What you have to do
Pictures are not part of the copy. Reproduce all the records exactly.

Items from a data source
--------------------------------------------------

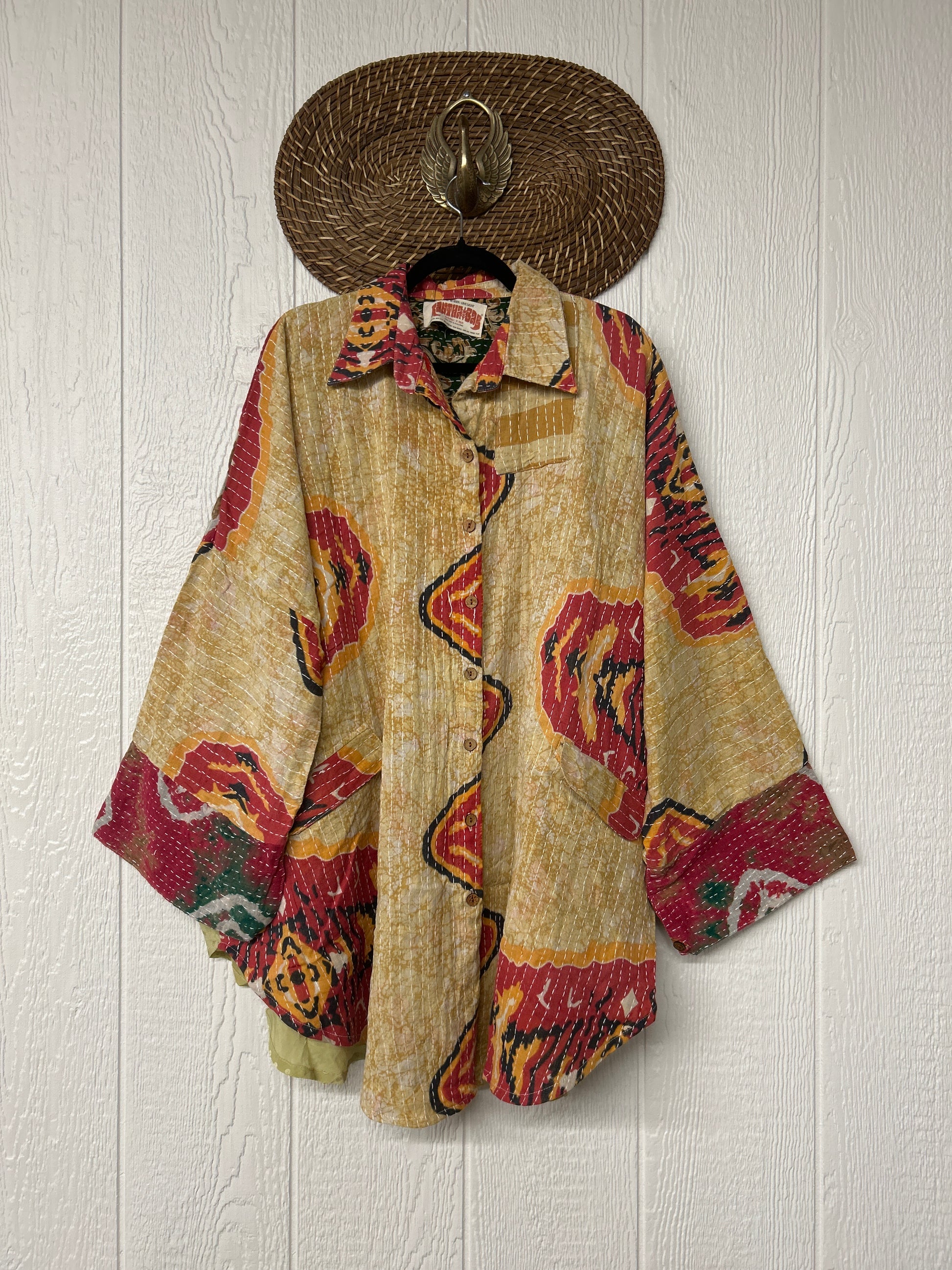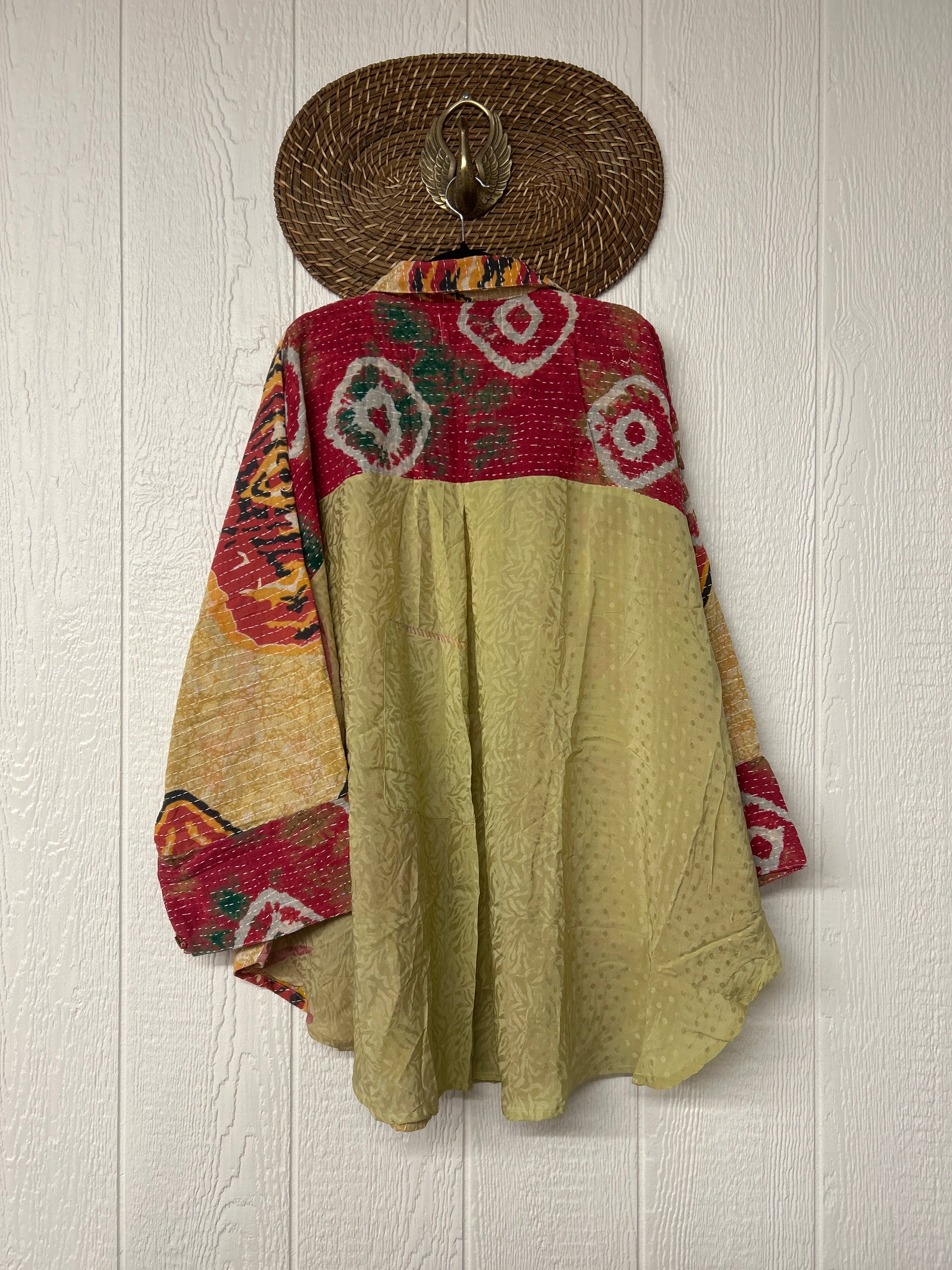 Made from our vintage cotton embroidered sari this billowy dream features a crepe panel in the back, functional buttons, two deep pockets in the front and a curved bottom.
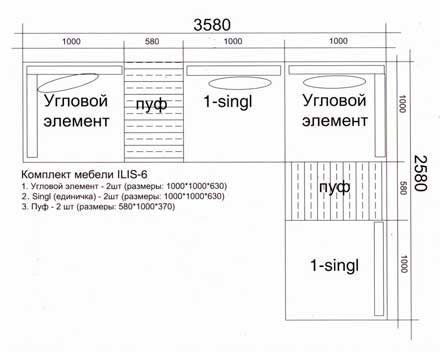 Габариты угла (2шт): Ширина: 1000мм Глубина: 1000мм Высота спинки: 630мм Высота сидения: 370мм
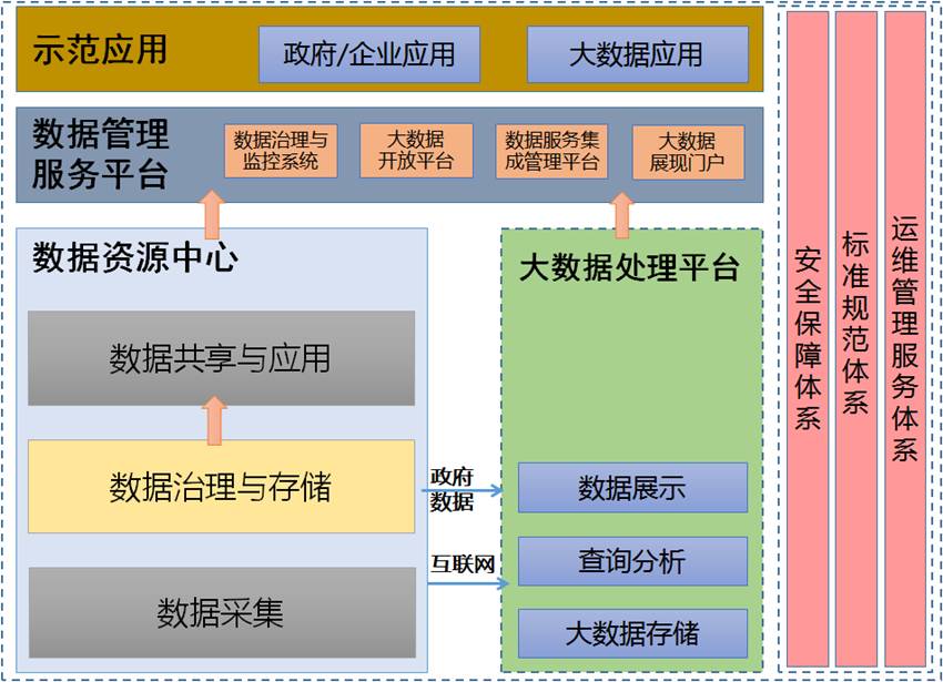 运维管理服务体系:建立以数据共建共享、互惠互利的运维管理服务体系,健全数据运行机制,强化管理责任,运用先进技术,确保政务大数据中心持续、稳定运行。
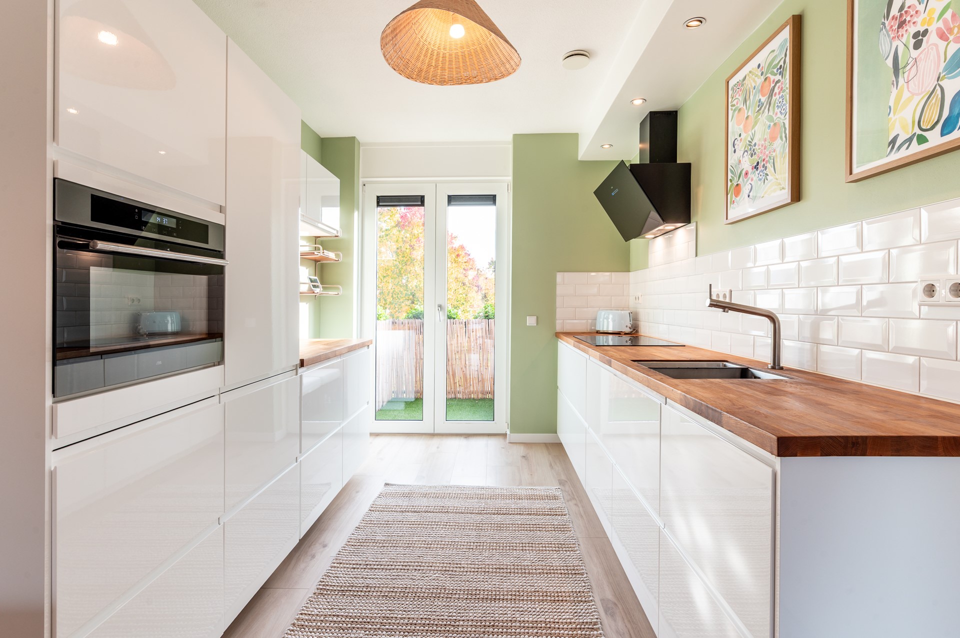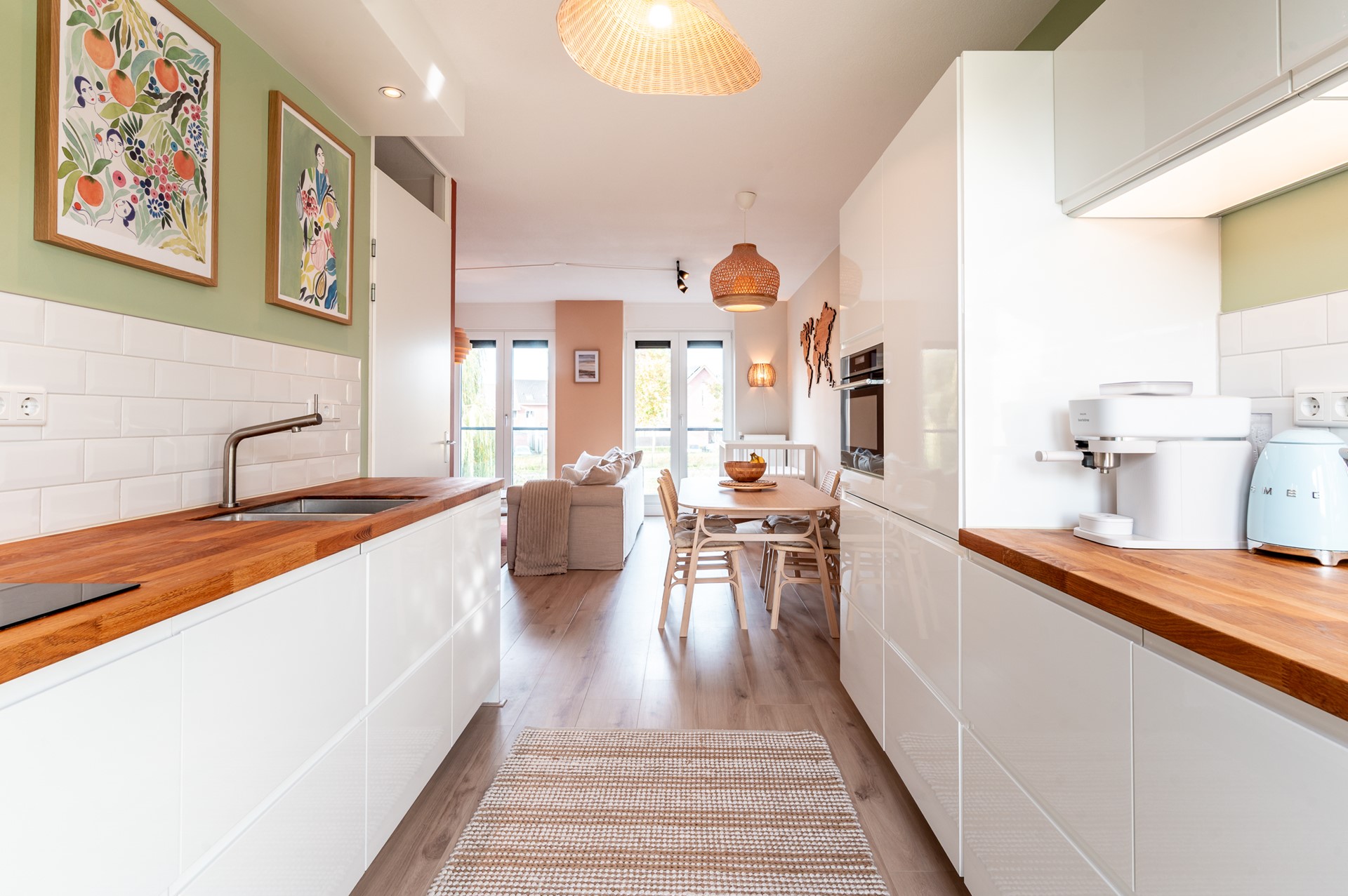 Aan de voorzijde bevindt zich de moderne, parallel geplaatste keuken, volledig uitgerust met inbouwapparatuur en met directe toegang tot het balkon. Een fijne plek om je dag te beginnen met een kop koffie of om ’s avonds nog even buiten te zitten. Verder vind je hier de overloop en een separaat toilet.
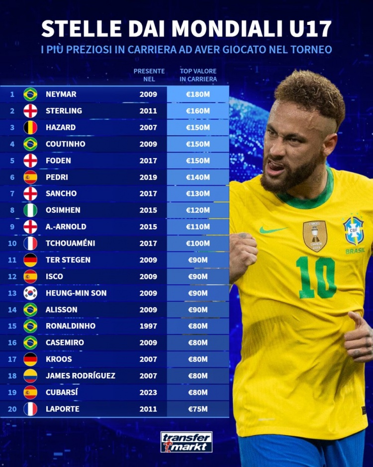 曾征战U17世界杯的球员身价排行榜:内马尔以1.8亿欧元位居首位,斯特林紧随其后_英超直播免费观看
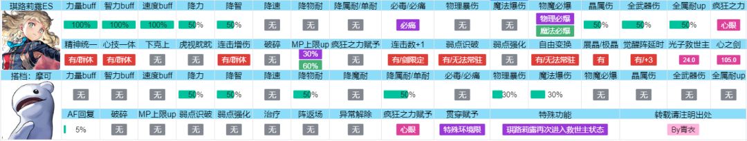 - 大额全属性伤害UP或晶伤UP(她提供50%,但依然有稀释提升空间)
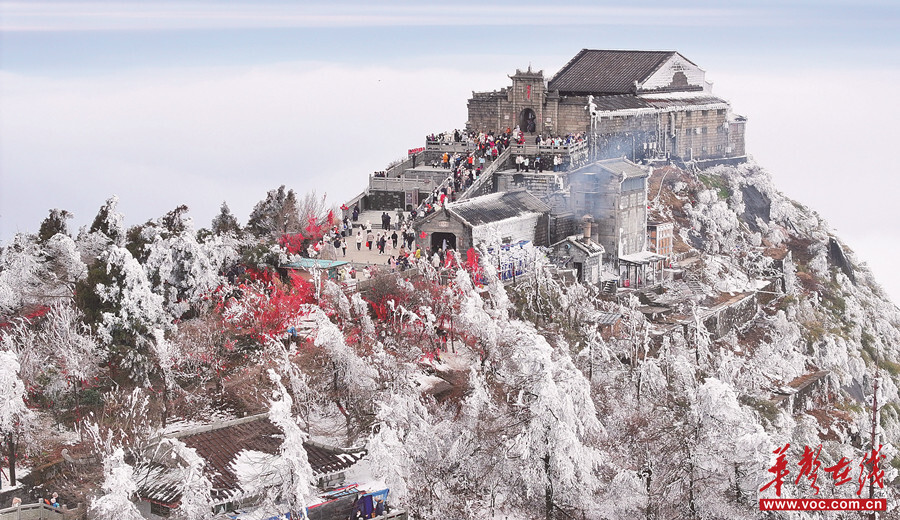1月3日,南岳衡山风景区雪后初霁。晶莹雾凇凝结枝头,翻腾云海漫卷群峰,吸引众多游客前来观赏。
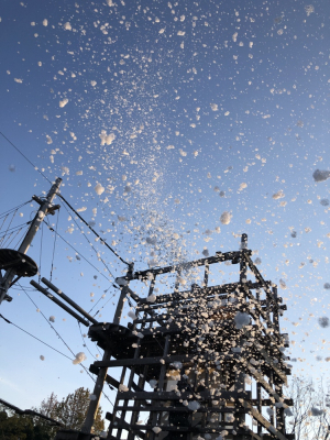 イベント期間限定で、「侍大将コース」のゴール地点に「泡大砲」を設置。一度に30リットルの泡をエリア全体に放出し、まるで雪が降るような演出でお客様に冬の「クレヨンしんちゃんアドベンチャーパーク」をお楽しみ頂くとともに、足元を濡らすことにより、アスレチックの難易度をUPさせる

--------------------------------------------------

Reply to the task
 Made from our vintage cotton embroidered sari this billowy dream features a crepe panel in the back, functional buttons, two deep pockets in the front and a curved bottom.
 Габариты угла (2шт): Ширина: 1000мм Глубина: 1000мм Высота спинки: 630мм Высота сидения: 370мм
 运维管理服务体系:建立以数据共建共享、互惠互利的运维管理服务体系,健全数据运行机制,强化管理责任,运用先进技术,确保政务大数据中心持续、稳定运行。
 Aan de voorzijde bevindt zich de moderne, parallel geplaatste keuken, volledig uitgerust met inbouwapparatuur en met directe toegang tot het balkon. Een fijne plek om je dag te beginnen met een kop koffie of om ’s avonds nog even buiten te zitten. Verder vind je hier de overloop en een separaat toilet.
 曾征战U17世界杯的球员身价排行榜:内马尔以1.8亿欧元位居首位,斯特林紧随其后_英超直播免费观看
 - 大额全属性伤害UP或晶伤UP(她提供50%,但依然有稀释提升空间)
1月3日,南岳衡山风景区雪后初霁。晶莹雾凇凝结枝头,翻腾云海漫卷群峰,吸引众多游客前来观赏。
 イベント期間限定で、「侍大将コース」のゴール地点に「泡大砲」を設置。一度に30リットルの泡をエリア全体に放出し、まるで雪が降るような演出でお客様に冬の「クレヨンしんちゃんアドベンチャーパーク」をお楽しみ頂くとともに、足元を濡らすことにより、アスレチックの難易度をUPさせる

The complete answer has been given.